→ Material to process

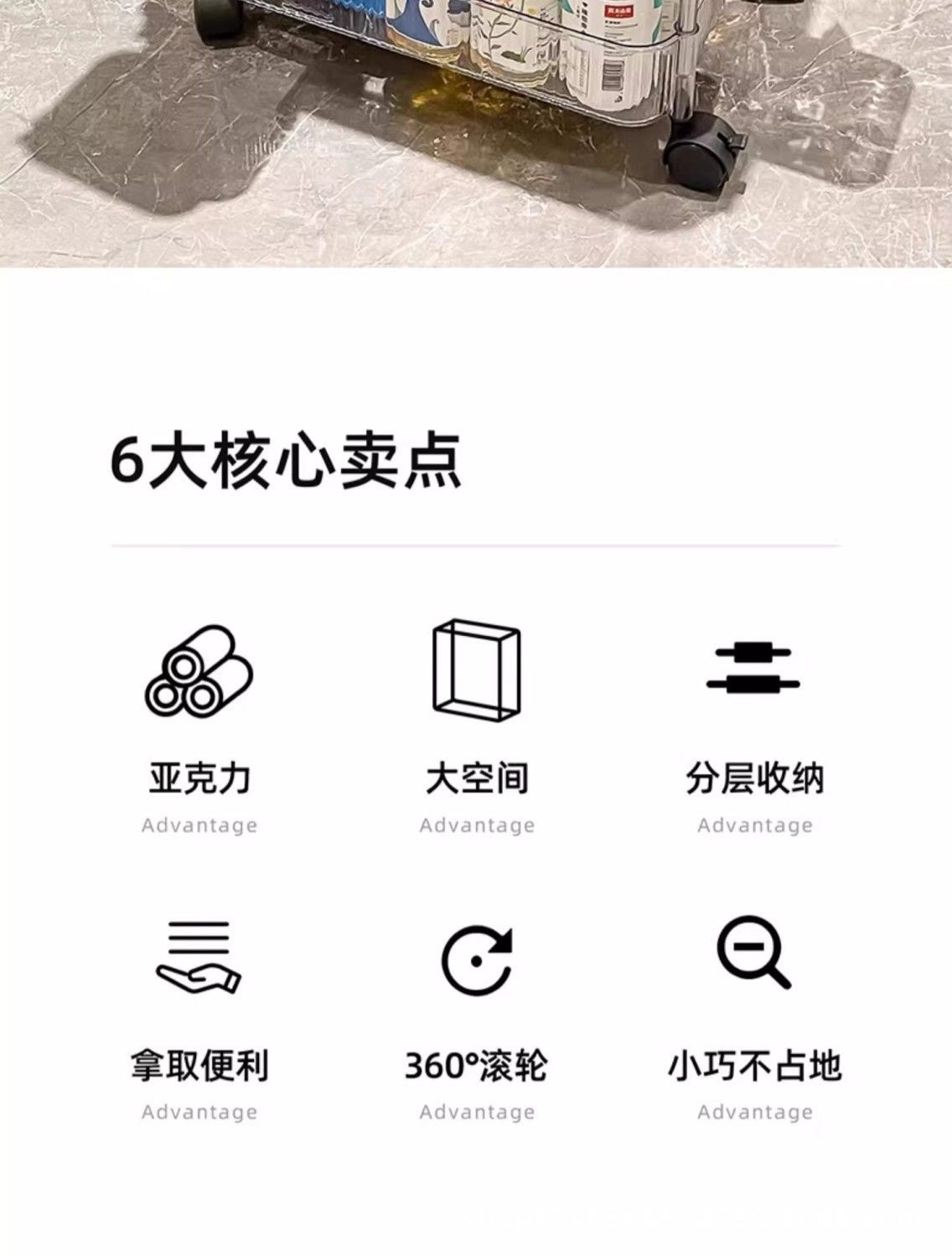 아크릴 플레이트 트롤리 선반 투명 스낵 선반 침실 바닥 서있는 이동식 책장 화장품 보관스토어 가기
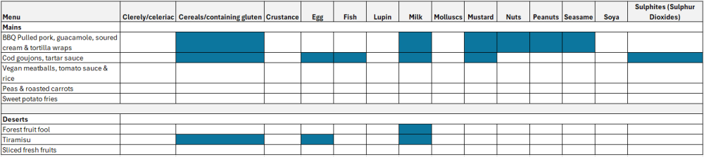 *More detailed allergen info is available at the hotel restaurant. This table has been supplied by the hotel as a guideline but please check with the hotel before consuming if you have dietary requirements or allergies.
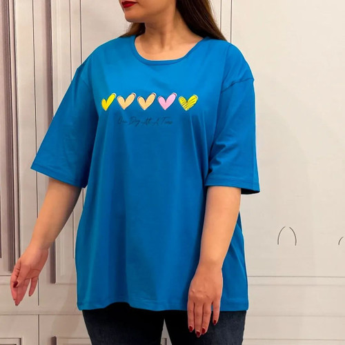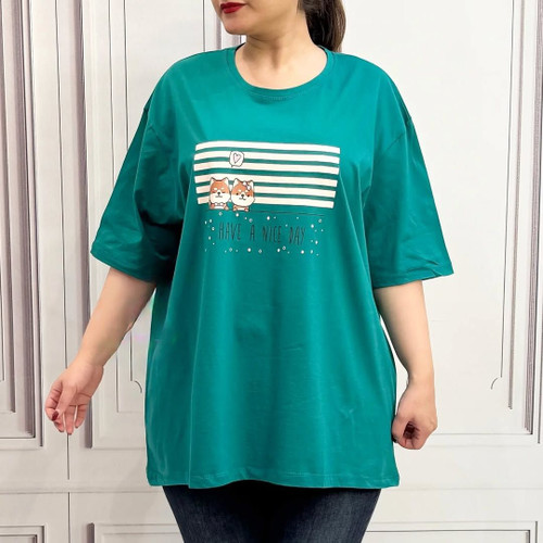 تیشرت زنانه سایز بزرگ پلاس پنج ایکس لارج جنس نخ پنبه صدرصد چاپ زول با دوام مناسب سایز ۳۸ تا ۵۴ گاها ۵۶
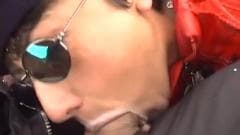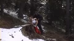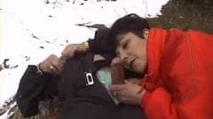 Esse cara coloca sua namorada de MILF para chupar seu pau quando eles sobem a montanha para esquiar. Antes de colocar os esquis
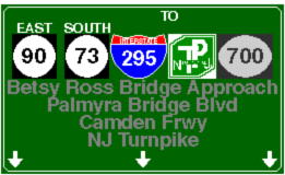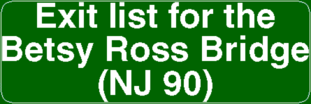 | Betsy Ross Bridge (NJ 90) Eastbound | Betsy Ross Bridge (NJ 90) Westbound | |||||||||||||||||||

→ Work request
From the line that holds "تیشرت زنانه سایز" to the last line of the data, return those lines exactly and nothing else; both ends count, and pictures stay out.

→ Answer below
 تیشرت زنانه سایز بزرگ پلاس پنج ایکس لارج جنس نخ پنبه صدرصد چاپ زول با دوام مناسب سایز ۳۸ تا ۵۴ گاها ۵۶
 Esse cara coloca sua namorada de MILF para chupar seu pau quando eles sobem a montanha para esquiar. Antes de colocar os esquis
 | Betsy Ross Bridge (NJ 90) Eastbound | Betsy Ross Bridge (NJ 90) Westbound | |||||||||||||||||||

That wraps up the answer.